Dan rajusta machinalement sa casquette de contrôleur, repoussant une boucle blonde tombée devant ses yeux, puis il consulta sa montre.
1h53.
Encore quelques heures de trajet, et il arriverait lui aussi chez lui.
Un léger sourire étira alors les lèvres du jeune homme, traçant d'adorables faucettes au creux de ses joues lisses.
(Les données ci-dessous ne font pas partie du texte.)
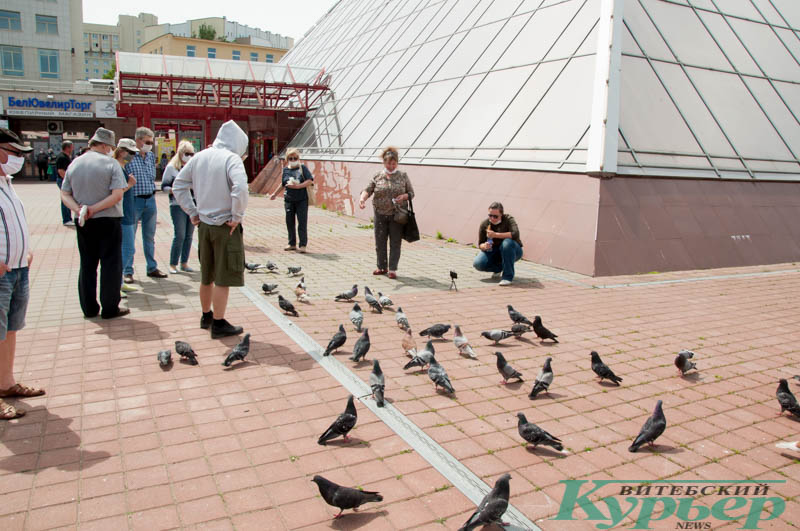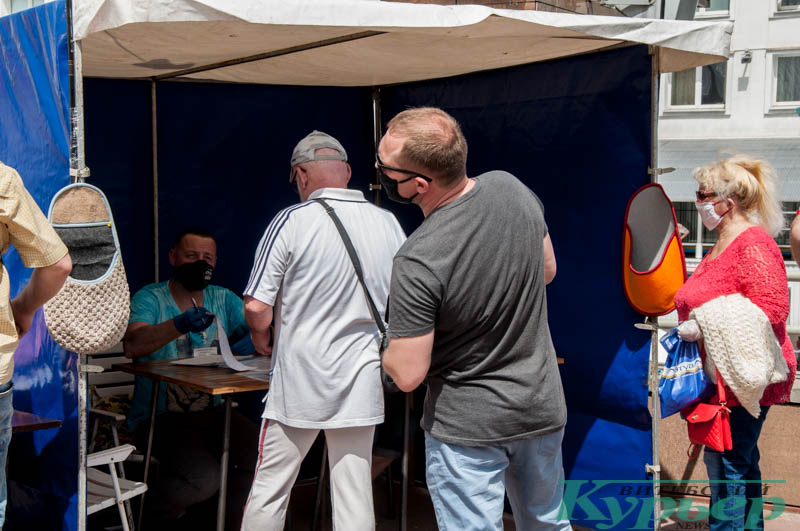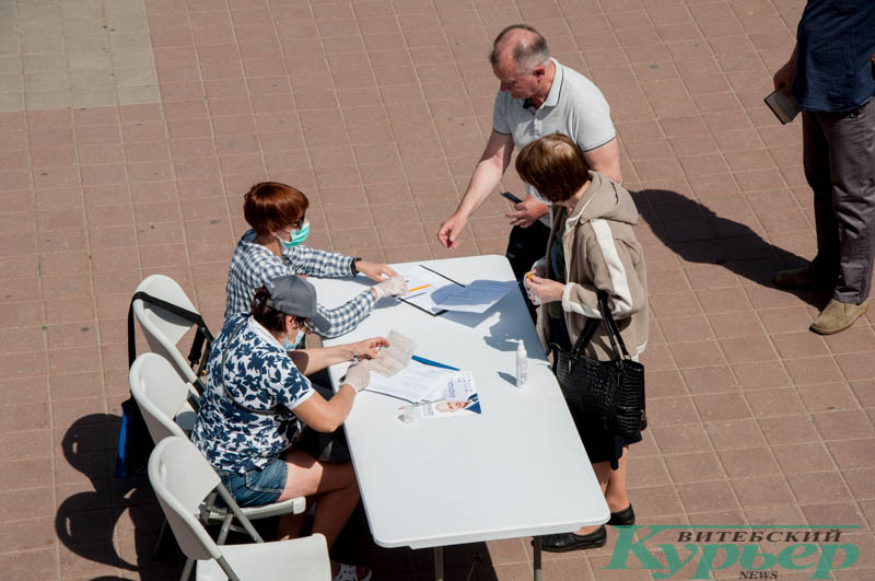 Люди мирно стояли в очереди, по большей части в масках и соблюдая интервал. Очень многие собирались группами и бурно обсуждали политическую ситуацию в стране. В основном, это были люди в возрасте. Но молодых лиц также было немало в очереди к столикам Бабарико, Цепкало, Тихановской и Черечня.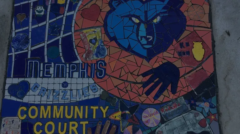 Lester Community Center - Memphis Grizzlies Community Court, hand made tile and letters by Lester Community Center participants.
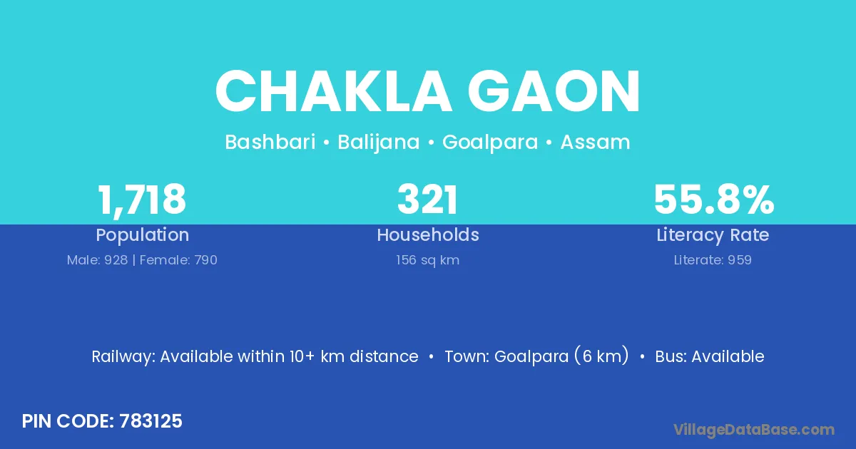 Goalpara (6 km) is the nearest town to Chakla Gaon village for major economic activities and is located approximately 6 km away.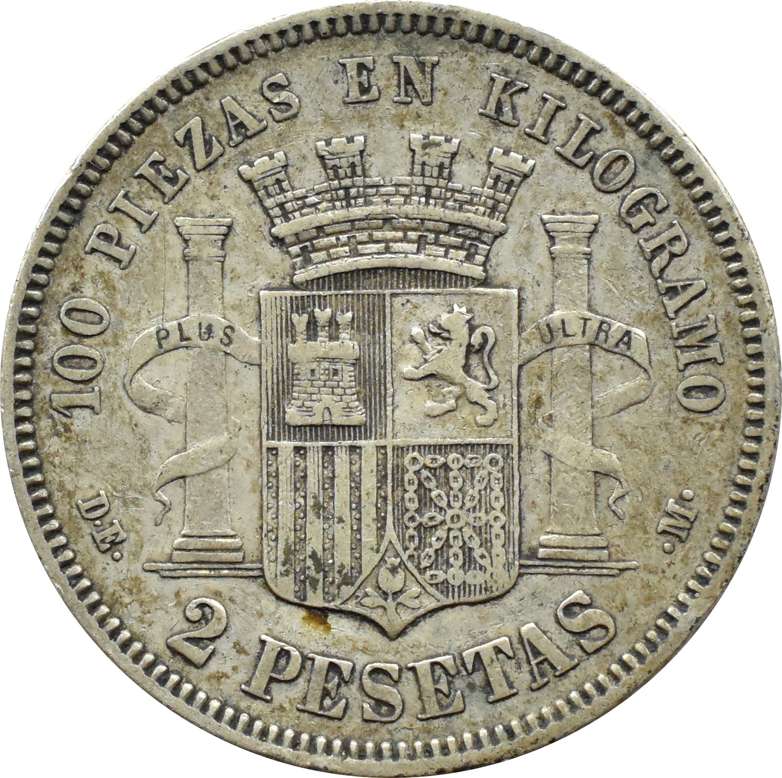 Hiszpania, Rząd Tymczasowy (1869-1874), 2 pesety 1870 D.E.-M., mennica Madryt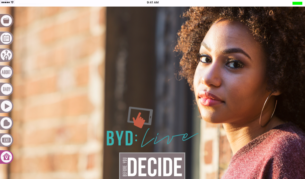 BYD Live is een Android-tablet aanpassing van Care Net voordat u besluit het tijdschrift, de belangrijkste bron voor vrouwen en mannen worden geconfronteerd met de zwangerschap beslissingen te helpen.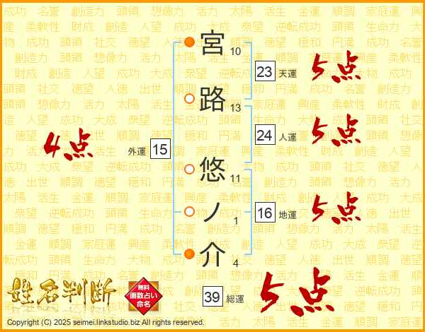 宮路悠ノ介さんの総運は39画の5点!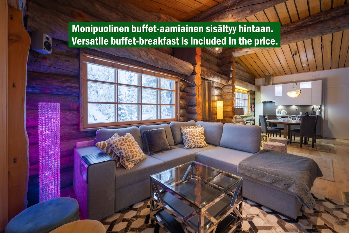 Näyttävä, jykevästä kelohirrestä rakennettu huvila, palveluiden välittömässä läheisyydessä. Sallan kansallispuiston vieressä. Ski keskukseen 500m, hiihtoladulle ja moottorikelkkareitille 100m,ravintolaan 200m,kylpylään 600m,uimarannalle 1.1km, kauppaan 10km. Kelohuvila soveltuu hyvin myös yritysryhmille. Nopea laajakaistayhteys Wifi 4G. Prime ja Netflix käytössä talon tunnuksilla. Grillikota, jossa tilaa 10-15 henkilölle. Sähköauton latausmahdollisuus,11kw. Myös kokki mahdollista saada mökille
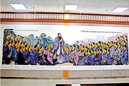 李祥自退休以來,堅持筆耕不止,以滿腔的熱情投入到中國文聯(lián)、國家財政部、文化部聯(lián)合實施的“中華文明歷史題材美術(shù)創(chuàng)作工程”的創(chuàng)作中,歷時8個春秋,成功塑造出孔子、司馬遷、王義之、李白、杜甫、蘇東坡、關(guān)漢卿、羅貫中、施耐庵、吳承恩、曹雪芹等11位對中華文明作出卓越貢獻的杰出歷史文化名人的光輝形象,再現(xiàn)先賢們的風(fēng)采。展出的10幅巨幅國畫作品為觀眾提供了學(xué)習(xí)、傳承中華民族優(yōu)秀傳統(tǒng)文化的形象性教材,讓大家在觀賞中重溫歷史,增強民族自豪感和愛國情懷,進一步堅定文化自信。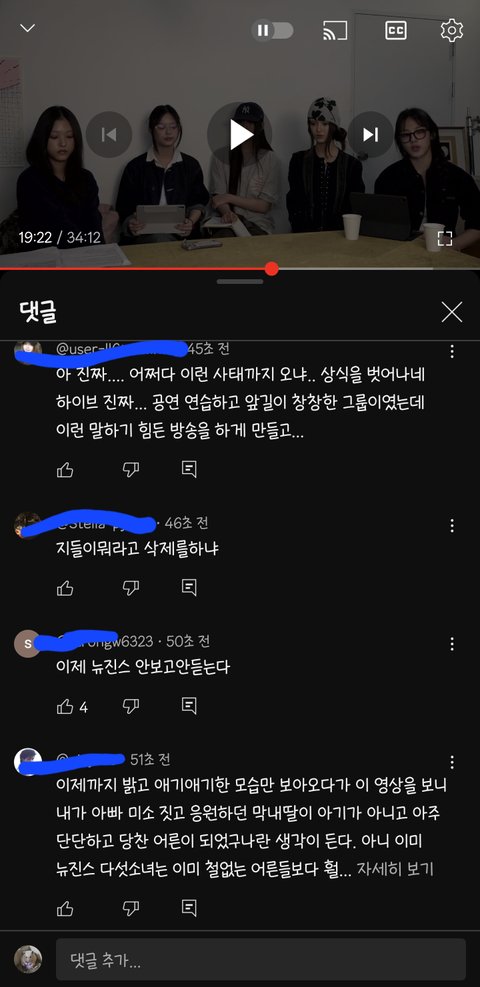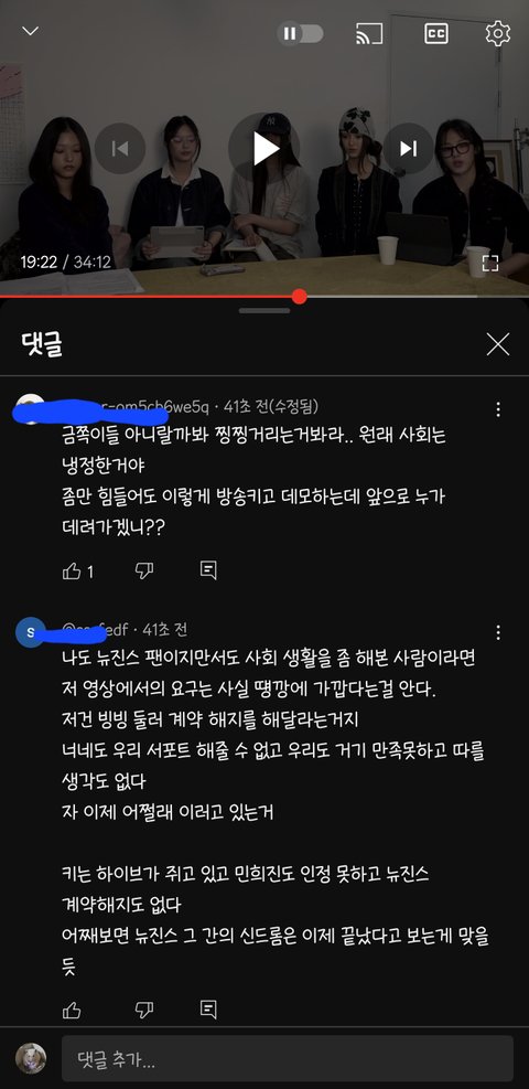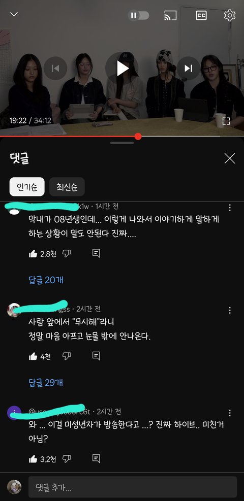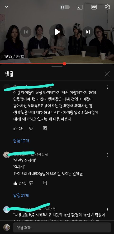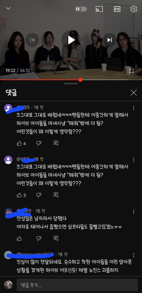 너네한테 투자한게 얼만데 말단직원이 경영진한테 해줘하고 찡찡대네 어린것들이 영악하네라는 최신순 댓글들 진짜 어떻게 이런말들을 해?? 서로 이익을 위해 계약을 했고 투자와 아티스트 보호는 당연히 해줘야 하는거고 생색낼게 아닌데 보호를 안해주고 대놓고 무시하고 심적으로 힘들게 만드는게 정상이 아니고 정말 힘들어서 어렵게 말꺼낸건데

Peggy devait probablement dormir à cette heure-ci. Ou peut-être pas. Ces derniers jours, elle peinait à trouver le sommeil avec le bébé qui dansait le rock chaque nuit, de plus en plus à l'étroit entre sa vessie et son estomac.
Cette pensée élargit son sourire tandis qu'il passait à pas feutrés devant l'ultime rangée de sièges de ce wagon. Encore quelques heures de trajet, et il rentrerait auprès de sa femme.
Plus que quelques jours… et ils seraient parents.
Dan inspira profondément, se laissant envahir par une totale félicité, puis il poussa la porte pour pénétrer dans la dernière voiture du train.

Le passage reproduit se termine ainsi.